Private soldier, 25th Regiment of Foot, Minorca, ca. 1771, wearing a blanket roll under his knapsack. His knapsacks looks to be covered with hair, probably goatskin The blanket itself is a maud, a Scottish shepherd’s plaid. (Artist unknown, National Army Museum, London, UK.) Gregory J.W. Urwin, Redcoat Images, No. 26  http://astro.temple.edu/~gurwin/ Also pictured in W. A. Thorburn, Uniforms of the Scottish Infantry, 1740-1800 (Edinburgh: H.M. Stationery Office, 1973), 8. 
A Musketeer of the Hessian Regiment Von Bose
(Painting by Don Troiani, www.historicalimagebank.com )

British regiments already in America at the beginning of the war had knapsacks, but we have no idea of their design. At this time, given what we know of pre-war packs from period images and the comments of Cuthbertson and Pickering, I can only surmise that early-war (1775-1777) British knapsacks were leather (goatskin?), possibly linen, “square” models, with a single pouch (possibly with a divider to separate a spare pair of shoes from the other necessaries), and two shoulder straps. They also could not easily accommodate a blanket, an item deemed necessary for service in North America. British, French, and German troops campaigning in Europe did not carry blankets on the march, those coverings being carried in the same wagons as the regimental tentage. The packs (tournisters) German troops carried while serving in the American War still could not carry a blanket, and we are still unsure how, or even if, German troops carried blankets on the march.
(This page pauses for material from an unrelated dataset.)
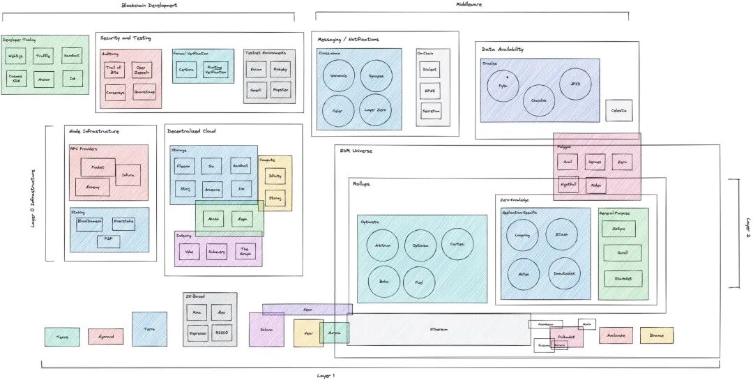 我们将区块链基础设施的“生态系统”定义为旨在支持L1和L2在以下关键领域发展的协议:

Supply documents for the British Brigade of Guards, 1776 to 1778, including numbers of knapsacks issued and the use of blanket slings on campaign, and generate some interesting questions.

[Numbers of knapsacks needed and requested]

List of Waggons, Tents, Camp necessaries &ca for the Detachment from the Three Regiments of Foot Guards, consisting with their Officers of 1097 men destined to Serve in North America.

February 5th 1776 …

1062  Haversacks

1062  Knapsacks

(Loudoun p.213)  (see also WO4/96 p.45 7 Feb. 1776 Barrington to Loudoun)

[Knapsack pattern]

Memo  Brig. Gen. Edward Mathew to John Campbell, 4th Earl of Loudoun  16 Feb. 1776 “Memorandum concerning the [Guards] Detachment Fryday Feb 16 1776” “Light Infantry Company. Colo. Mathews applies for the proper Clothing.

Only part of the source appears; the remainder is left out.